Tanda dan Gejala Heterophoria
komentarTanda-tanda dan gejala yang sering dihadapi oleh penderita heterophoria adalah :
Sakit kepala
- Biasanya terjadi pada bagian frontal kepala, akan tetapi dapat juga dibagian occipital.
Sakit mata
- Penderita heterophoria akan mengeluh perasaan seperti perih setelah berkedip atau menutup mata, biasanya rasa sakit ini terdapat dibgian samping mata yang mengalami heterophoria.
Diplopia ( terjadi bayangan ganda atau double )
- Hal ini merupakan kelemahan dari mata heterophoria yang digunakan untuk melihat dalam jangka waktu lama dan terus-menerus.
Blur Vision ( terjadi penglihatan kabur )
- Kelainan refraksi yang tidak terkoreksi dapat mengakibatkan terjadinya heterophoria yang tidak terkompensasi. Hubungannya dengan akomodasi konvergensi dan juga sebaliknya pada phoria yang derajatnya dapat dipengaruhi dari hasil kemampuan akomodasi dan penglihatan menjadi kabur.
Kesulitan akomodasi
- Penderita akan mengeluh bahwa penglihatan jauhnya kadang kabur dan biasanya terjadi pada periode yang lama.
Masalah stereopsis
- Kadang-kadang penderita akan mengalami kesulitan untuk memperkirakan kedalaman. Hal ini disebabkan kaena adanya mata yang dominan sehingga mengakibatkan pengaburan bayangan pada salah satu mata.
Monocular comfort ( penglihatan monokuler lebih nyaman )
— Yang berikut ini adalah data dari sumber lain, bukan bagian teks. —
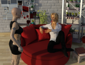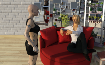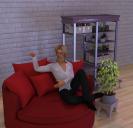 As for the sofa scene, I went ahead and cropped it as suggestec by you and others. I had to fix the clothing in post work because nothing that I tried worked perfectly. In fact, I had to change the pants altogether because I must have smoothed etc too much and the pants started "blowing up" on me. I had to give up, but I will play more with clothing till I get it right. One thing that didn't help was I used a shirt that is for g3f - which probably made it that much more complicated for me.
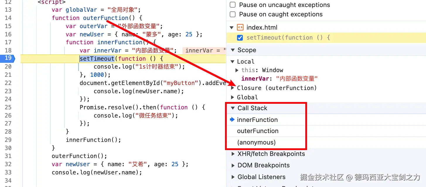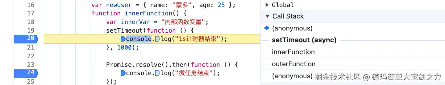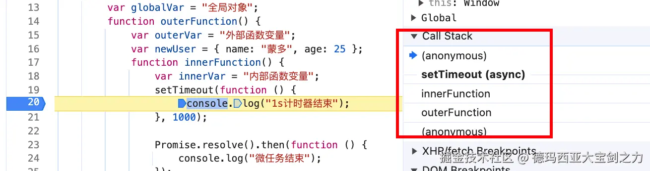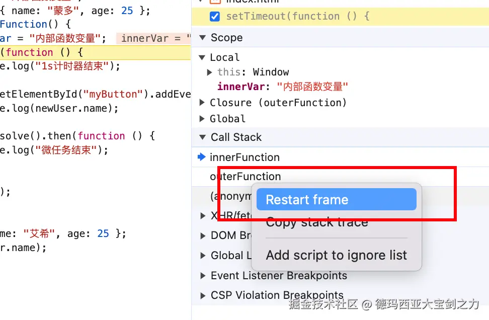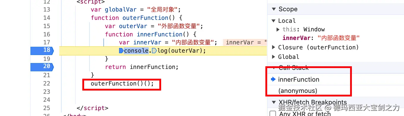 当前程序中,当我们执行闭包的时候,会发现栈帧列表变成了 global->innerFunction。

- Penderita heterophoria akan mengatakan bahwa dengan penglihatan lebih baik dan nyaman jika salah satu mata ditutup. Akan tetapi terkadang juga dapat menyebabkan fotopobia atau silau.
Mata merasa pedih
- Penderita heterophoria akan mengeluhkan perasaan sakit sebatas pada kelopak mata, karena pengaruh adanya heterophoria tersebut.
Iritasi umum
- Kesulitan dalam mempertahankan kenyamanan penglihatan tunggalnya, maka menyebabkan pasien mengeluh adanya rangsangan dari gangguan syaraf.
Occular torticolis
- Hal ini biasanya penderita heterophoria akan memutar kepalanya kearah kerja otot yang lumpuh atau lemah. Kedudukan kepala yang miring menjadikan diplopia yang terjadi terasa berkurang pada phoria yang vertikal.
Dari semua keluhan-keluhan tersebut diatas akan hilang jika mata yang sakit atau mata yang mengalami kelainan heterophoria ditutup.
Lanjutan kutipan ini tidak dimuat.